Email:779598160@qq.com

github:https://github.com/coco369/knowledge

爬取豆瓣电影前250的电影资源,地址(https://movie.douban.com/top250)

按照scrapy的处理流程可以整理如下操作:

1. items.py:设置数据存储模板,用于结构化数据

在items.py文件中定义字段,这些字段用来保存数据,方便后续的操作。

import scrapy


class DoubanItem(scrapy.Item):

    name = scrapy.Field()  # 电影名称
    year = scrapy.Field()  # 电影出片年份
    score = scrapy.Field()  # 评分
    director = scrapy.Field()  # 导演
    classification = scrapy.Field()  # 电影分类

2. spiders:爬虫目录,如:创建文件,编写爬虫规则。

a) 添加爬取规则属性rules,这个属性是一个列表,它可以包含多个Rule,每个Rule描述了那些链接需要抓取,那些不需要。这些rule可以有callback,也可以没有。

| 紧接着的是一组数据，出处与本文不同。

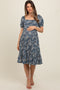 Light Blue Ruffle One-Shoulder Maternity Midi Dress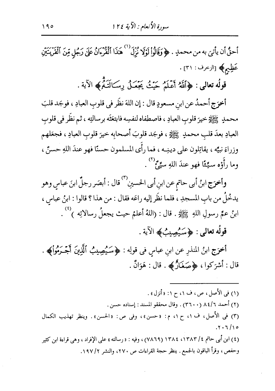 وأخرج ابن أبي حاتم عن ابن أبي حسن قال : أبصر رجل ابن عباس وهو يدخل من باب المسجد فلما نظر إليه راعه فقال : من هذا قالوا : ابن عباس بن عم رسول الله ، قال {الله أعلم حيث يجعل رسالته}.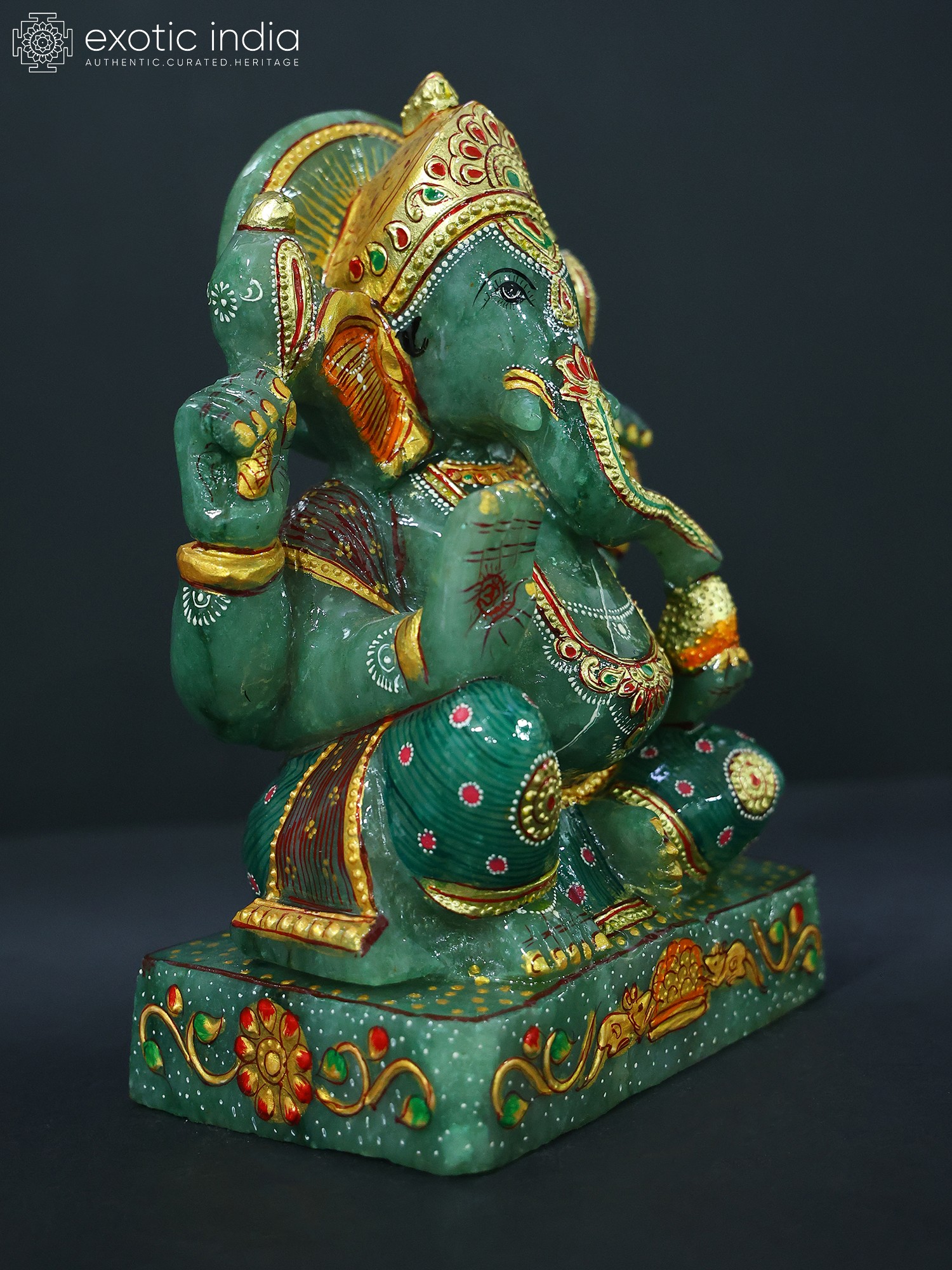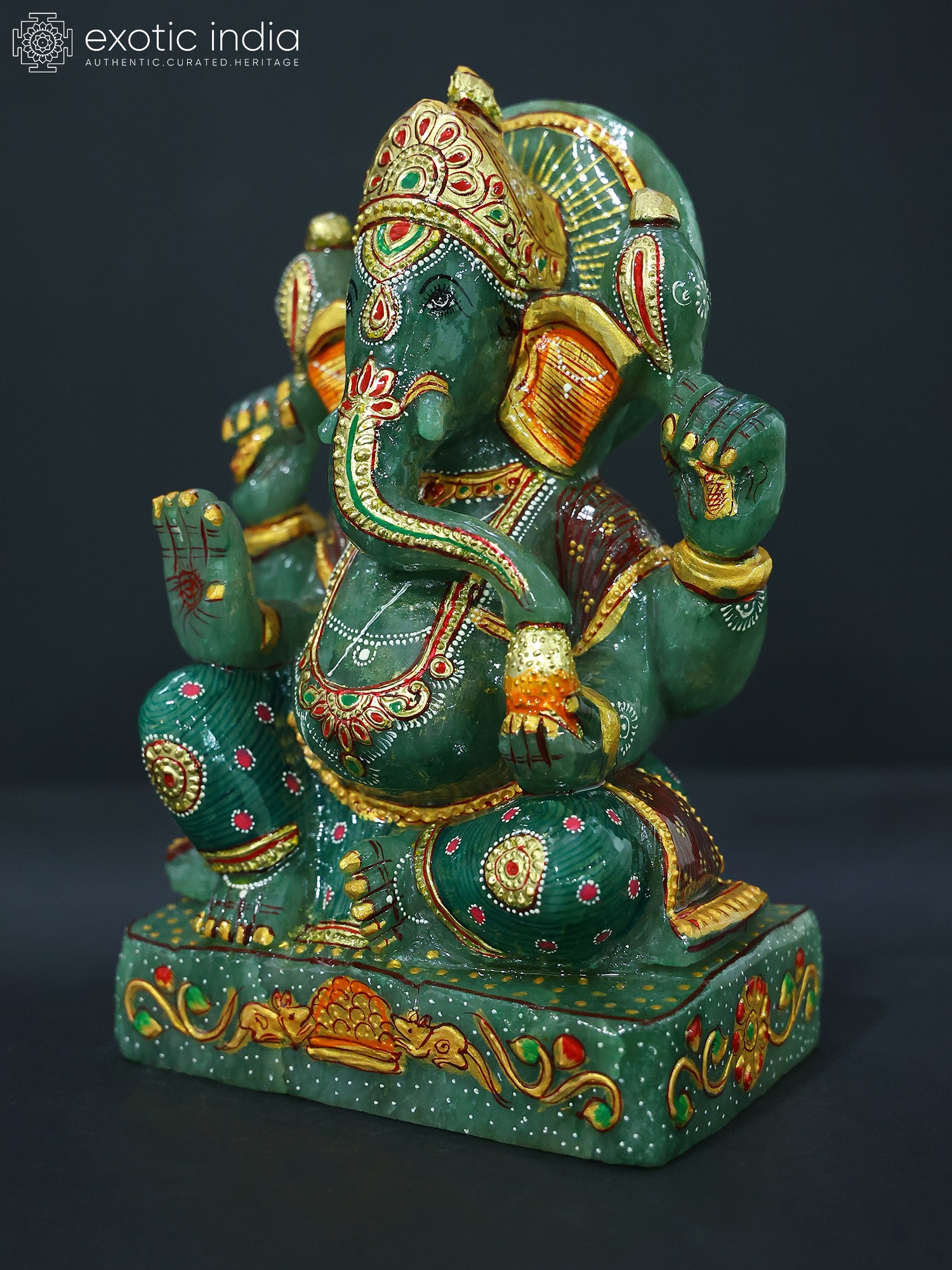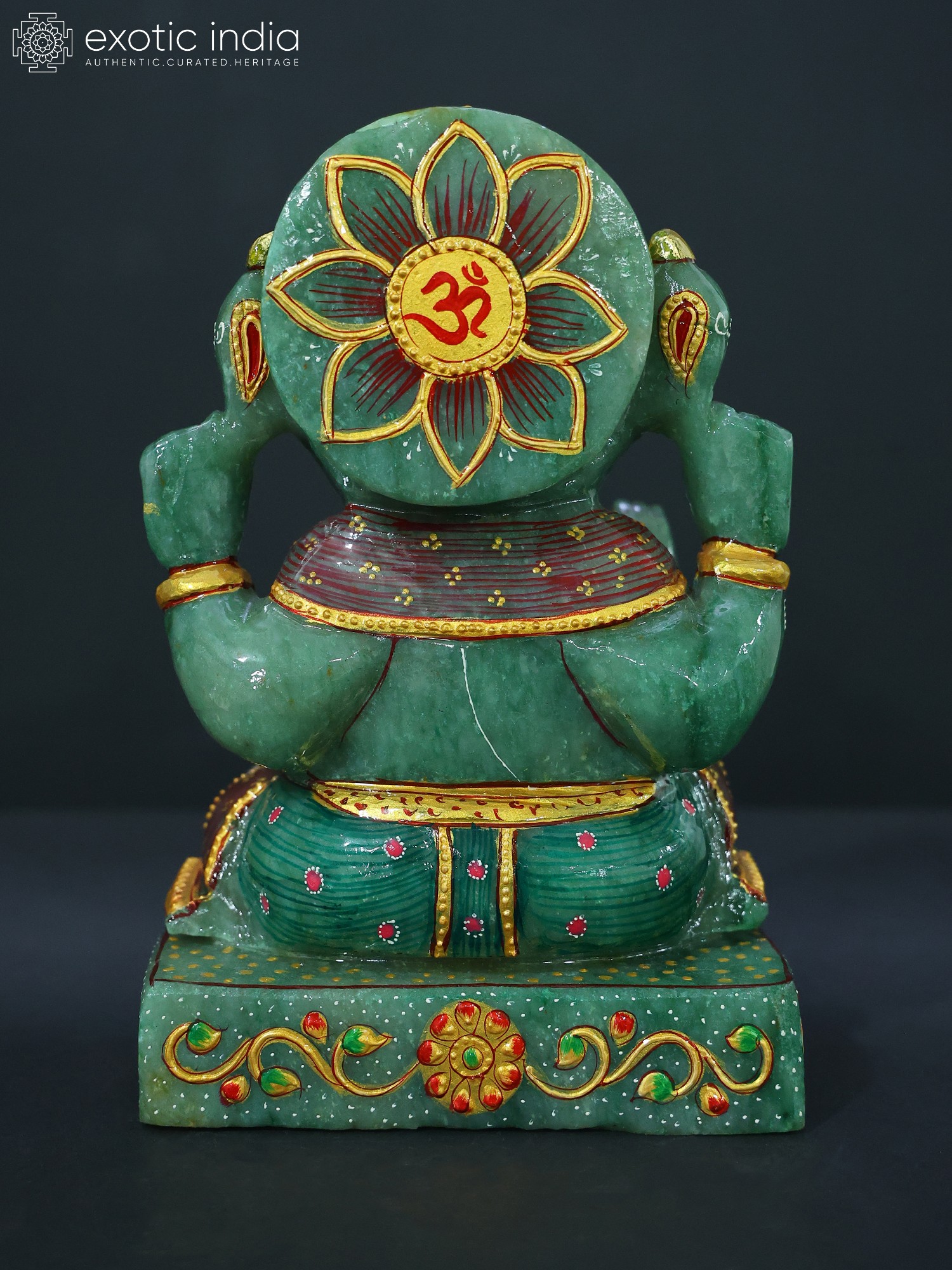 This exquisite sculpture captures the divine presence of Lord Ganesha, the remover of obstacles and the god of beginnings, rendered in the radiant and calming hue of green aventurine. This precious stone, often associated with growth, prosperity, and good fortune, imbues the deity with a palpable aura of serenity and abundance. The rich, deep green of the gemstone, interspersed with subtle inclusions that hint at its natural beauty, forms a captivating backdrop for the meticulously detailed craftsmanship.

b) 爬虫的通常需要在一个网页里面爬去其他的链接,然后一层一层往下爬,scrapy提供了LinkExtractor类用于对网页链接的提取

LinkExtractor常用的参数有:

allow:提取满足正则表达式的链接
deny:排除正则表达式匹配的链接(优先级高于allow)
allow_domains:允许的域名(可以是str或list)deny_domains:排除的域名(可以是str或list)
restrict_xpaths:提取满足XPath选择条件的链接(可以是str或list)
restrict_css:提取满足css选择条件的链接(可以是str或list)
tags:提取指定标签下的链接,默认从a和area中提取(可以是str或list)
attrs:提取满足拥有属性的链接,默认为href(类型为list)
unique:链接是否去重(类型为boolean)
process_value:值处理函数(优先级大于allow)

案例代码如下:

from scrapy.selector import Selector
from scrapy.linkextractors import LinkExtractor
from scrapy.spiders import CrawlSpider, Rule

from dbspider.items import DoubanItem

class MovieSpider(CrawlSpider):
    name = 'douban'
	# 不在此允许范围内的域名就会被过滤
    allowed_domains = ['movie.douban.com']

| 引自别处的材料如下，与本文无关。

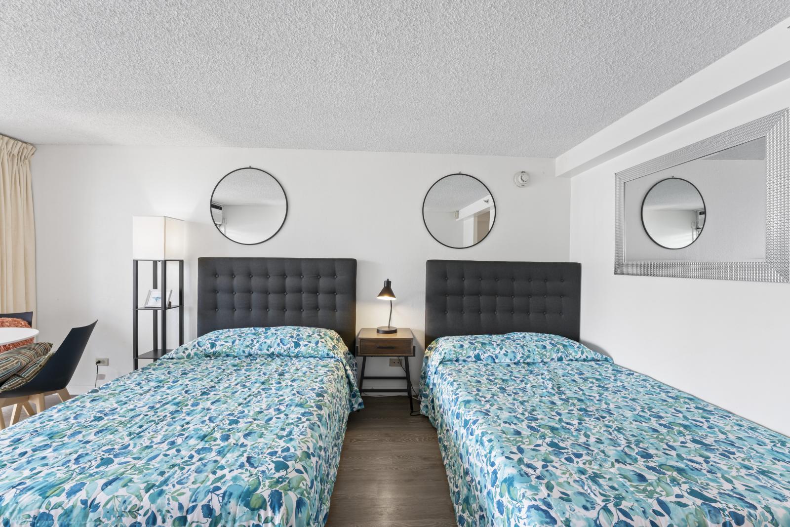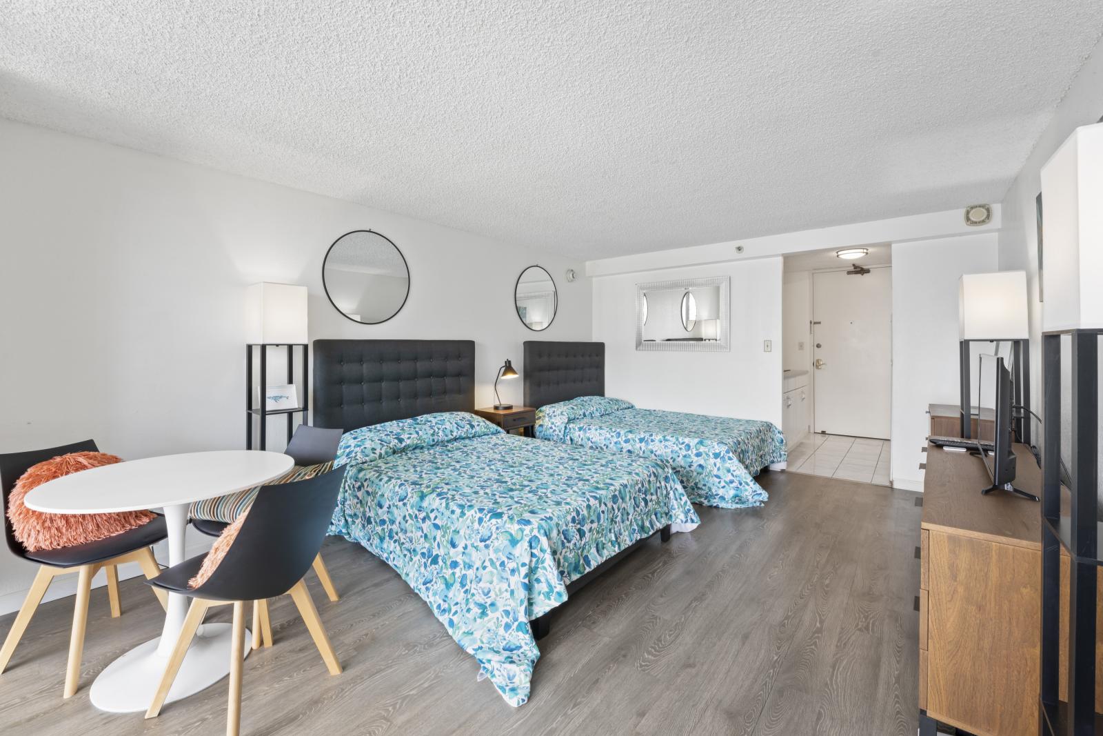 アイランドコロニーの家具付きスタジオ/バスルーム1室。ラミネート床、タイル床、家具付き。設備:プール、BBQエリア、洗濯施設、フィットネスセンター(フィットネスセンター利用は別途料金)。24時間警備付きセキュリティビル。駐車場は含まれませんが、プロパーク経由で利用可能。家賃にケーブルテレビ、インターネット、水道代が含まれます。電気代およびその他光熱費は入居者負担。禁煙・ペット不可。申込手数料と信用調査が必要です。

    start_urls = ['https://movie.douban.com/top250']
    rules = (
        Rule(LinkExtractor(allow=(r'https://movie.douban.com/top250.*')), callback='parse_item'),
    )

    def parse_item(self, response):
        sel = Selector(response)
        item = DoubanItem()
        # 获取页面中电影名
        item['name'] = sel.xpath('//*[@id="content"]/div/div[1]/ol/li/div/div[2]/div[1]/a/span[1]/text()').extract()
        # 获取页面中电影的评分
        item['score'] = sel.xpath('//*[@id="content"]/div/div/ol/li/div/div[2]/div[2]/div/span[2]/text()').extract()
        # 获取页面中电影的年份
        item['year']=sel.xpath('//*[@id="content"]/div/div[1]/ol/li/div/div[2]/div[2]/p[1]/text()[2]').re(r'\d+')
        # 获取电影年份,分类等信息
        director =sel.xpath('//*[@id="content"]/div/div[1]/ol/li/div/div[2]/div[2]/p[1]/text()[2]').extract()
        # 去除获取的电影年份,分类中的空格,以及特殊符号
        director = [i.strip().replace('\xa0', '') for i in director]
        # 获取电影的导演和主演的信息
        item['director'] = sel.xpath('//*[@id="content"]/div/div[1]/ol/li/div/div[2]/div[2]/p[1]/text()[1]').extract()
        # 获取电影分类的信息,切割字符串获取指定的电影分类信息
        item['classification'] = [i.split('/')[2] for i in director]
        return item

完成前面两步骤的时候,我们就可以来运行我们的项目了。运行命令 scrapy crawl douban。其中我们可以在控制台看到爬取到的数据,如果想将这些数据保存到文件中,可以通过-o参数来指定文件名,Scrapy支持我们将爬取到的数据导出成JSON、CSV、XML、pickle、marshal等格式。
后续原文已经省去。